▶ What is expected:
An exact copy of the lines from the top of the data through the line with "司法数据应用研究中心研究员蔡" is what you should give, with no pictures in it.

▶ Available data:
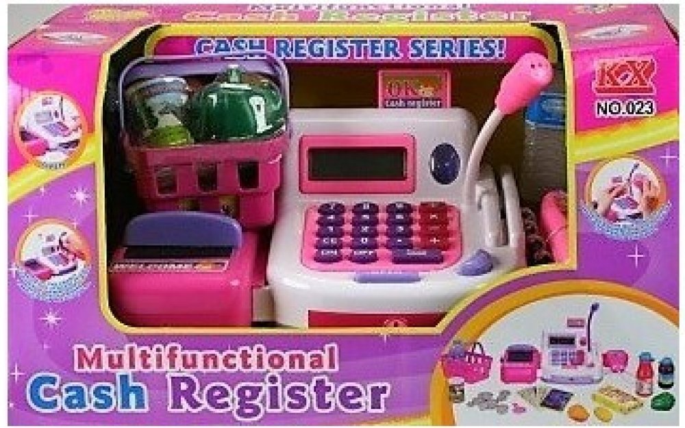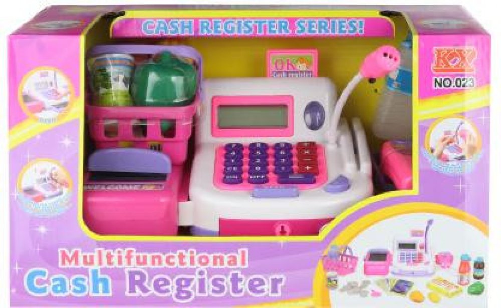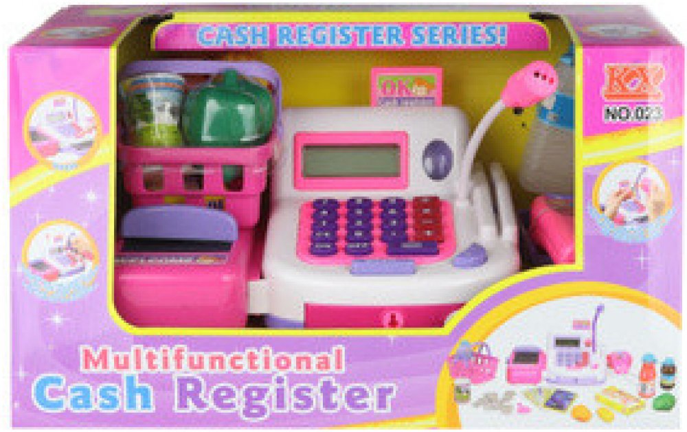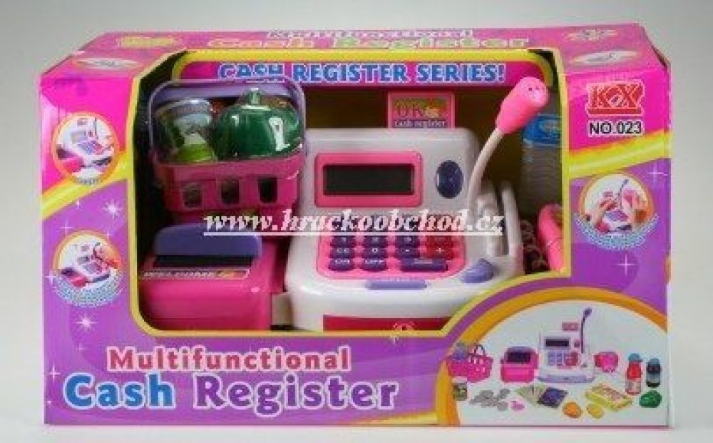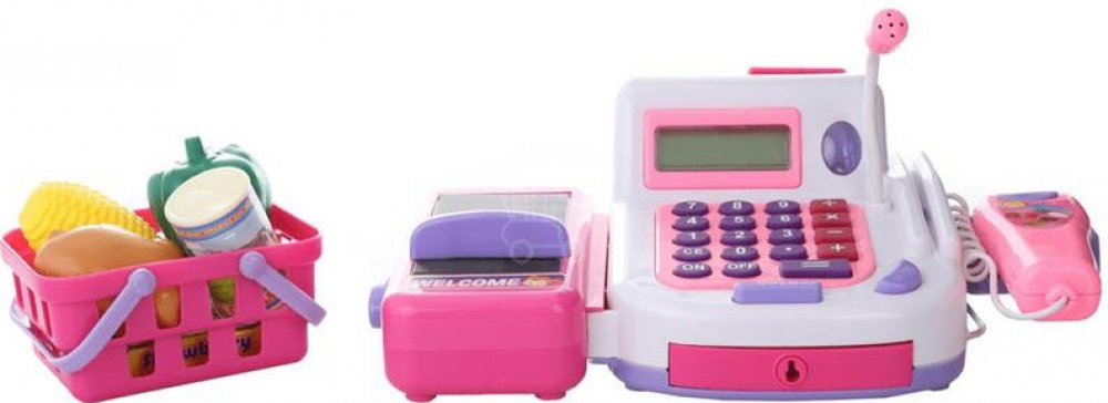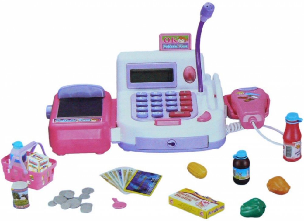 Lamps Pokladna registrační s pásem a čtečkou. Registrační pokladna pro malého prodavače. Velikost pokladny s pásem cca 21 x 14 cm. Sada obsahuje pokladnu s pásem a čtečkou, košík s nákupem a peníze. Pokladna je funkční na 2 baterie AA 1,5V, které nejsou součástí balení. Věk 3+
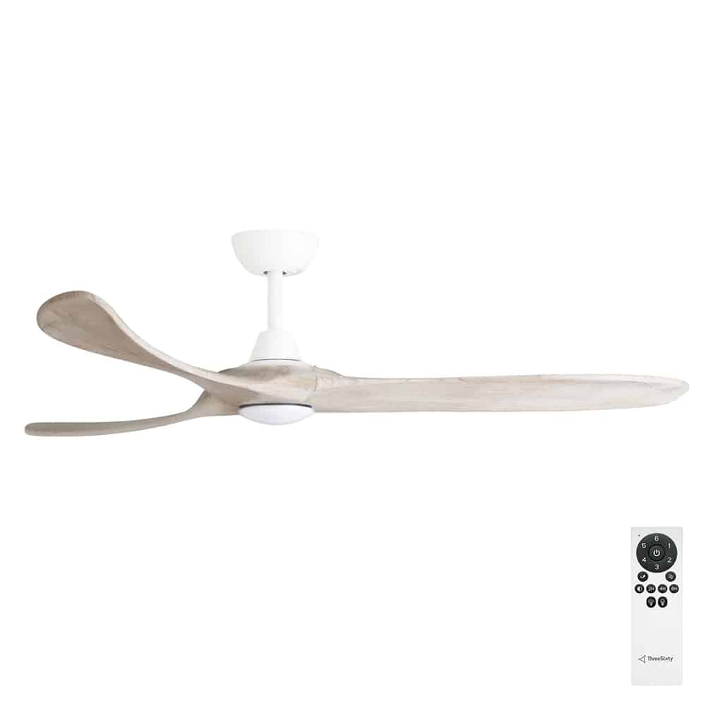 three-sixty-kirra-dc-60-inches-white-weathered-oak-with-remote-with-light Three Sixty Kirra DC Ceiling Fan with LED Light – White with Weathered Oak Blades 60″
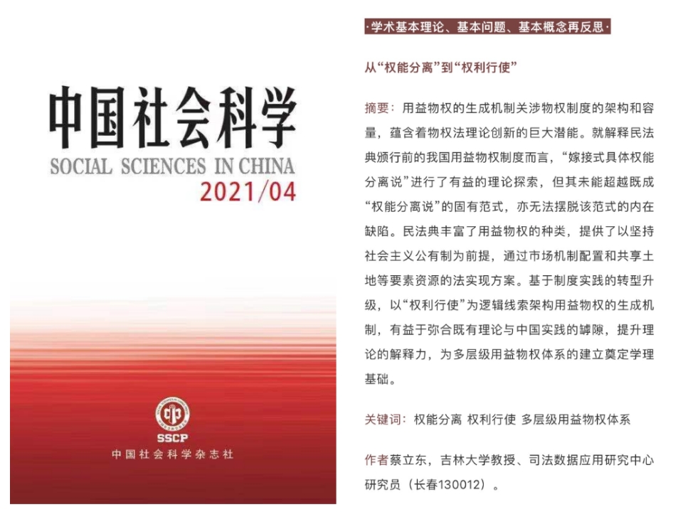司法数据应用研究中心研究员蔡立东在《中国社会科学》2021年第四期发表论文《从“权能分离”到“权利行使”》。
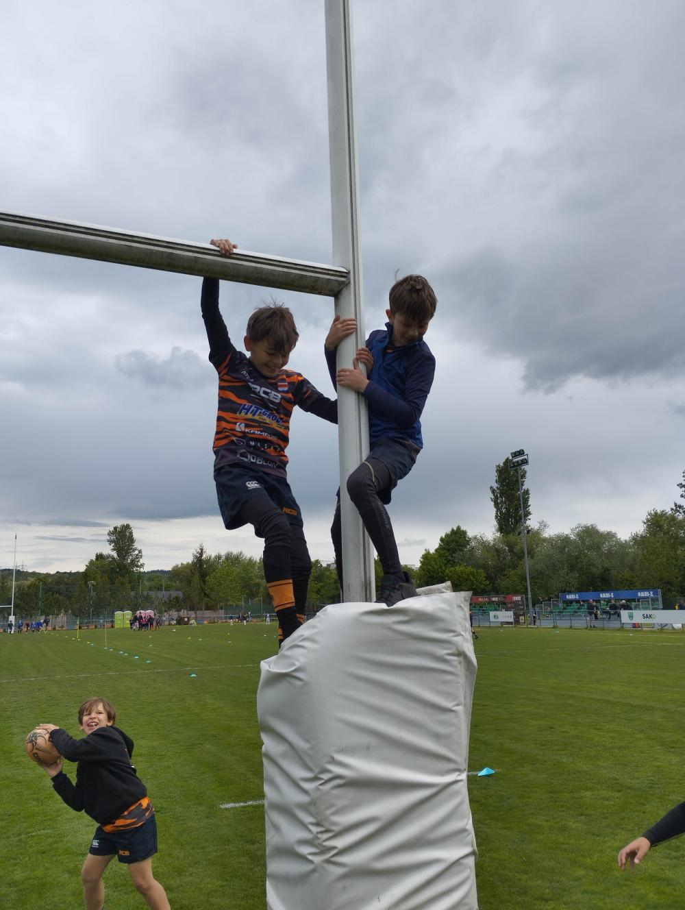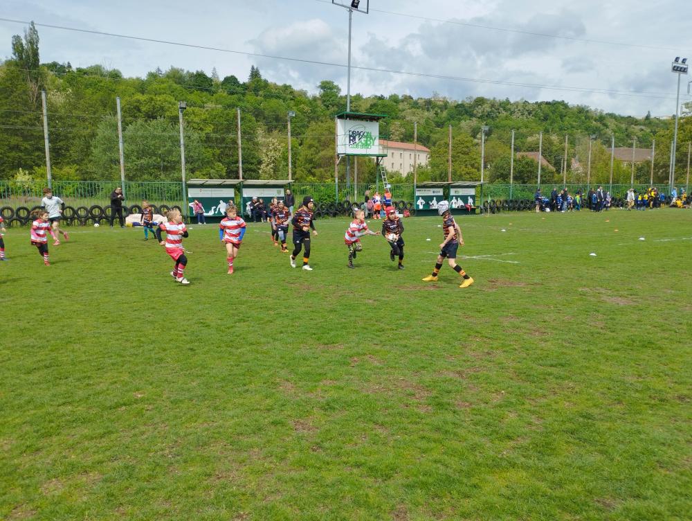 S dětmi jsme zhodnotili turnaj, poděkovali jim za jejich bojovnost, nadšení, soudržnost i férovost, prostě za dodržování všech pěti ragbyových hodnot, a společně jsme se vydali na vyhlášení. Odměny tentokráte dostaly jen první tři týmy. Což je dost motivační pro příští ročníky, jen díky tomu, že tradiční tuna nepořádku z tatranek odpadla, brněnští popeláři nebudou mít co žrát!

▶ Solution:
 Lamps Pokladna registrační s pásem a čtečkou. Registrační pokladna pro malého prodavače. Velikost pokladny s pásem cca 21 x 14 cm. Sada obsahuje pokladnu s pásem a čtečkou, košík s nákupem a peníze. Pokladna je funkční na 2 baterie AA 1,5V, které nejsou součástí balení. Věk 3+
 three-sixty-kirra-dc-60-inches-white-weathered-oak-with-remote-with-light Three Sixty Kirra DC Ceiling Fan with LED Light – White with Weathered Oak Blades 60″
司法数据应用研究中心研究员蔡立东在《中国社会科学》2021年第四期发表论文《从“权能分离”到“权利行使”》。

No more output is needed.